I would say that proving racial discrimination in employment is one of the hardest things to accomplish in law. You have to show that a decisionmaker took race into account in firing or refusing to hire someone. That would brand the decisionmaker with a scarlet letter. Judges and juries are therefore skeptical of these claims. But you can still win, even if the evidence is subtle.
The case is Abrans v. Department of Public Safety, decided on July 14. Abrams worked in law enforcement. He was denied a transfer to the Major Crimes Van. His racial discrimination claim arising from the Van denial was dismissed on summary judgment. The Court of Appeals (Walker, Pooler and Wesley) reinstates it.
From 2004 through 2009, all eight detectives who were chosen to work on the Van were white. The Court of Appeals notes that "Abrams had more training and seniority than each of the detectives selected above him." While Abrams was recommended for the Van position in 2007, a superior officer denied him that promotion because another applicant was a "better fit." for the position. This was not the first time that "better fit" factored into plaintiff's promotion denial. At some point between 2000 and 2004, someone said that Abrams "did not fit in" for the Van position.
The primary issue on appeal is whether Abrams was denied the Van assignment for discriminatory reasons. The Court of Appeals says this is a close case, but that the jury can find in plaintiff's favor. The "fit in" comment can have racial connotations. The Fifth Circuit in 2004 said that a "fit in" comment is "at least as consistent with discriminatory intent as it is with nondiscriminatory intent: The employer just might have found the candidate 'not sufficiently suited' because of a protected trait such as age, race, or engaging in a protected activity." So, while some cases hold the plaintiff to a higher standard in promotion denial cases when management says that someone else was simply better qualified for the position (see, Byrnie v.

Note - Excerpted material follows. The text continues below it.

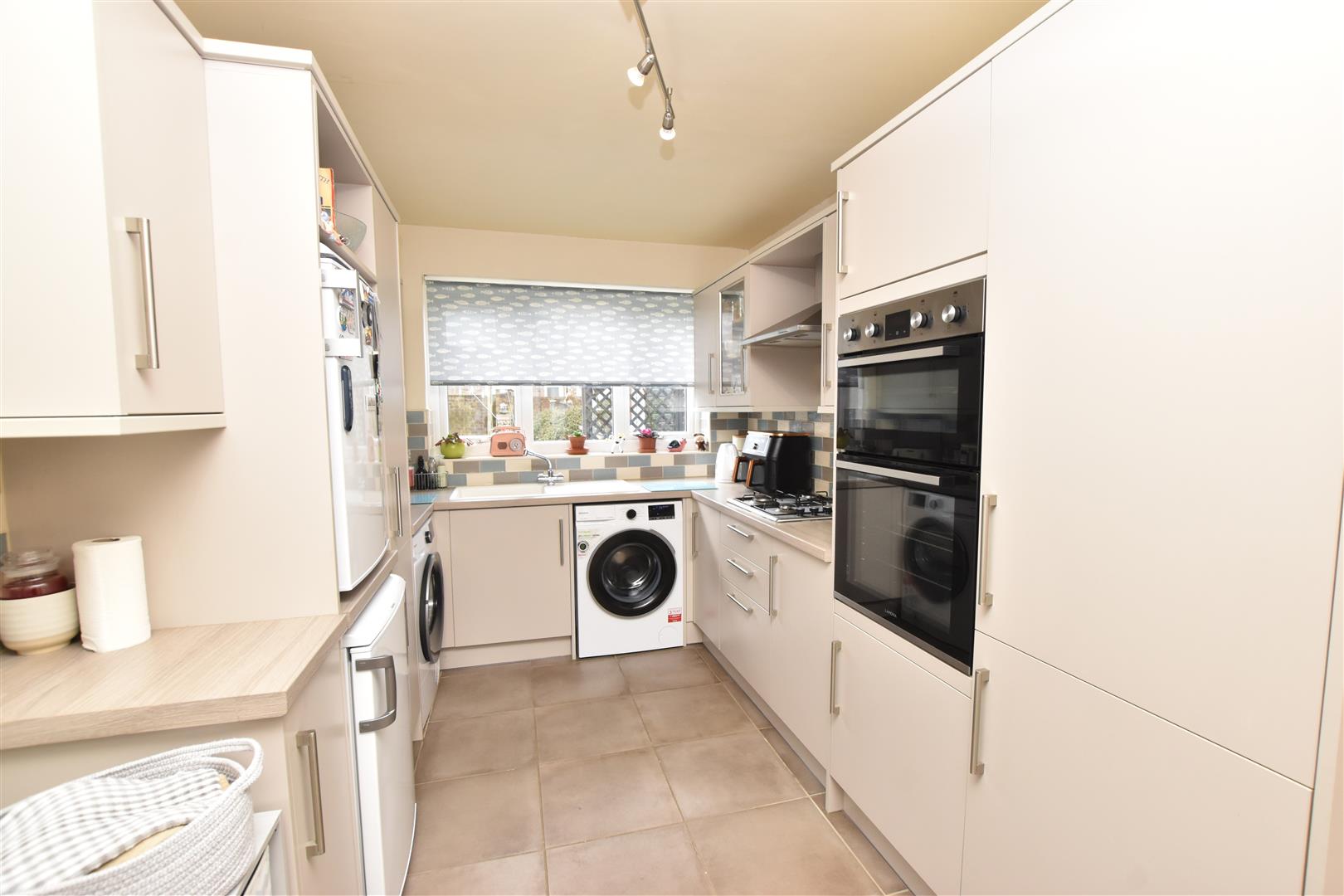 Fitted with a modern range of Kashmir finished base and wall cupboards incorporating a gas hob with an extractor chimney above together with an electric oven and grill. The modern gas fired boiler is concealed within a matching cupboard. The contrasting work surfaces are inset with a cream resin unit which has complementary coloured tiled splash backs. Tiled flooring. Double glazed window and door. Useful under stairs storage cupboard.

Town of Cromwell, 243 F.3d 93 (2d Cir. 2001)), this case is different because the "fit in" comments suggest that something else -- race -- as opposed to mere qualification was going on here.
This is the second recent decision by the Court of Appeals holding that the jury may interpret subtle racial comments against the employer. On July 25, the Second Circuit held that a plaintiff who was fired could prevail under Title VII because, referring to the plaintiff's relationship with his black subordinates, his supervisor said "they don't know how to police each other." The supervisor also said "[the regional office] could lighten up a bit."